Common Mistakes to Avoid
Making a Healthy High Protein Egg Salad With Greek Yogurt can be easy, but avoiding common mistakes will ensure the best results.
- Overcooking the eggs – Boiling eggs for too long can lead to a rubbery texture. Stick to a 10-minute cooking time for perfectly hard-boiled eggs.
- Neglecting seasoning – Failing to season your egg salad can make it bland. Always taste and adjust seasoning with salt and pepper before serving.
- Using low-quality yogurt – Not all Greek yogurts are created equal. Choose a full-fat or high-protein version for creaminess and flavor.
- Chopping eggs too small – Cutting the eggs too finely can result in a mushy salad. Aim for bite-sized pieces to maintain texture.
- Skipping fresh ingredients – Omitting fresh herbs or green onions can reduce flavor. Always add fresh ingredients for a vibrant taste.
Refrigerator Storage
- Store in an airtight container.
- Keep in the refrigerator for up to 3 days.
Freezing Healthy High Protein Egg Salad With Greek Yogurt
- It’s not recommended to freeze this egg salad as it may alter the texture of the yogurt and eggs once thawed.
Reheating Healthy High Protein Egg Salad With Greek Yogurt
- Oven – Preheat to 350°F (175°C), place egg salad in an oven-safe dish, cover, and heat for about 10 minutes.
- Microwave – Use a microwave-safe container, cover loosely, and heat in short intervals (30 seconds), stirring in between until warmed through.

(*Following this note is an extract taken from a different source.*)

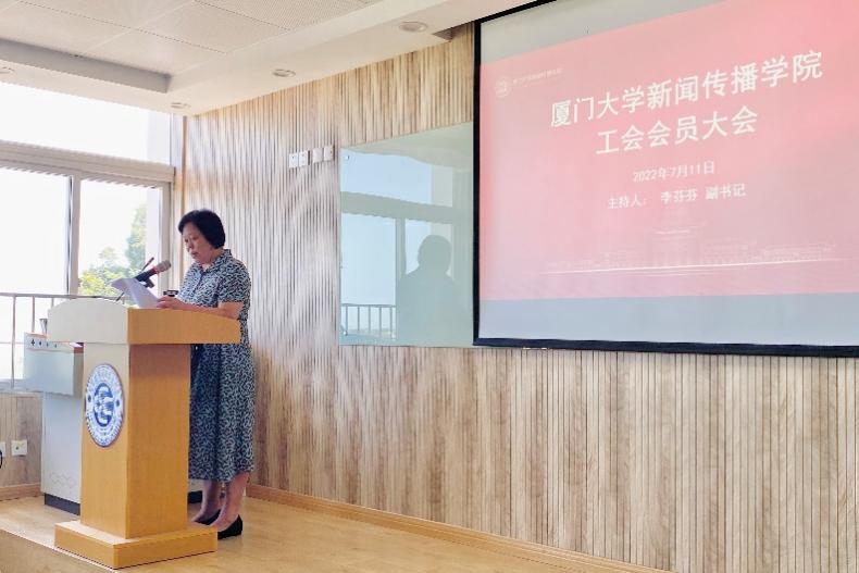 7月11日下午,新闻传播学院在新闻楼309教室召开工会会员大会,选举新闻传播学院第四届工会委员会委员。新闻传播学院党委书记曾铮、院长余清楚,党委副书记李芬芬,副院长苏俊斌、陈素白、谢清果,工会主席迟月利以及学院教职工共计46人参加大会。大会由李芬芬主持。

- Stovetop – Heat gently over low heat in a non-stick skillet, stirring frequently to avoid sticking.

Frequently Asked Questions
What makes this egg salad healthy?
This Healthy High Protein Egg Salad With Greek Yogurt uses Greek yogurt instead of mayonnaise, which lowers calories while increasing protein content.
Can I customize the recipe?
Absolutely! You can add ingredients like diced celery, bell peppers, or even avocado for varied flavors and textures.

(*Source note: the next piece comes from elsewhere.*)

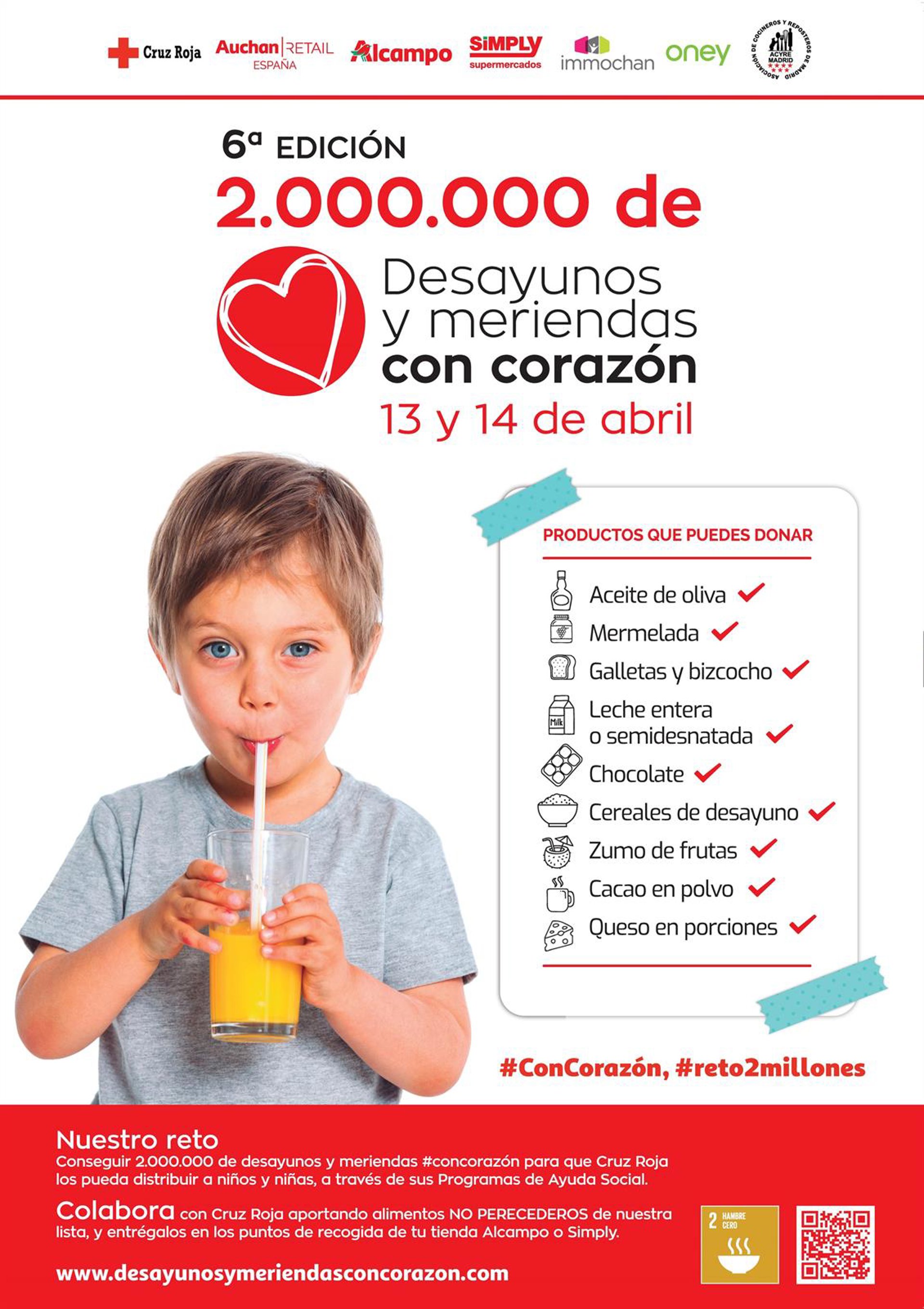 Este viernes y sábado, 13 y 14 de abril, tendrá lugar la VI edición de la campaña 'Desayunos y Meriendas #ConCorazón' de Cruz Roja, cuya finalidad es recoger alimentos de desayunos y meriendas para la infancia que vive en familias con dificultades. El reto es alcanzar 2 millones de desayunos y meriendas.

How do I serve this egg salad?
Serve it on whole-grain toast, in lettuce wraps, or simply by itself as a nutritious snack or meal option.

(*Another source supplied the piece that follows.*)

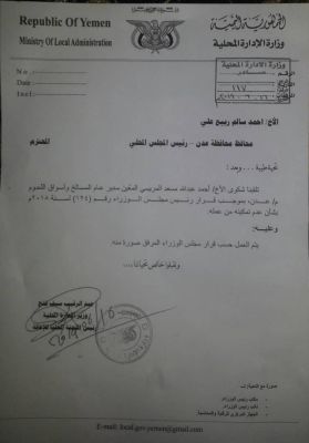 يذكر ان هناك توجيهات صريحة وواضحة صادرة عن وزير الادارة المحلية ورئيس الهيئة الوطنية العليا لمكافحة الفساد والتي وجهت للمحافظ وتطالبه بتنفيذ القرار المتعلق بتعيين الشيخ المريسي مديرا عاما للمؤسسة العامة للمسالخ واسواق اللحوم عدن.

How long does it last in the fridge?
The egg salad stays fresh for up to 3 days when stored properly in an airtight container.
Is this recipe suitable for meal prep?
Yes! This recipe is perfect for meal prep as it can be made ahead of time and enjoyed throughout the week.
Final Thoughts
This Healthy High Protein Egg Salad With Greek Yogurt is not only delicious but also versatile enough for various meals. Customize it with your favorite ingredients to make it your own. Give this recipe a try today!

Healthy High Protein Egg Salad With Greek Yogurt
- Total Time: 20 minutes
- Yield: Serves 4
Description
Discover a delicious twist on a classic favorite with this Healthy High Protein Egg Salad With Greek Yogurt. This creamy salad is not only quick to prepare but also packed with flavor and nutrition, making it an ideal choice for lunches, snacks, or light dinners.
Ingredients
- 6 hard boiled eggs
- 1/3 cup plain Greek yogurt
- 1 tbsp Dijon mustard
- 1 tbsp dill pickle relish
- 1/2 tsp salt
- 1/2 tsp black pepper
- 2 tbsp green onions
Instructions
- Boil the eggs in a large saucepan of cold water for 10 minutes. Transfer to an ice bath to cool.
- Peel and chop the cooled eggs into bite-sized pieces.
- In a mixing bowl, combine Greek yogurt, Dijon mustard, pickle relish, salt, and pepper; stir until smooth.
- Fold in the chopped eggs and green onions until well combined.
- Serve on whole-grain toast, lettuce wraps, or enjoy directly from the bowl.
- Prep Time: 10 minutes
- Cook Time: 10 minutes
- Category: Salad
- Method: Boiling
- Cuisine: American
Nutrition
- Serving Size: 1/4 of the recipe (approximately 150g)
- Calories: 210
- Sugar: 2g
- Sodium: 420mg
- Fat: 14g
- Saturated Fat: 3g
- Unsaturated Fat: 9g
- Trans Fat: 0g
- Carbohydrates: 6g
- Fiber: 1g
- Protein: 17g
- Cholesterol: 370mg
Keywords: Feel free to add diced celery or bell peppers for extra crunch. For enhanced flavor, let the salad chill in the fridge for at least 30 minutes before serving.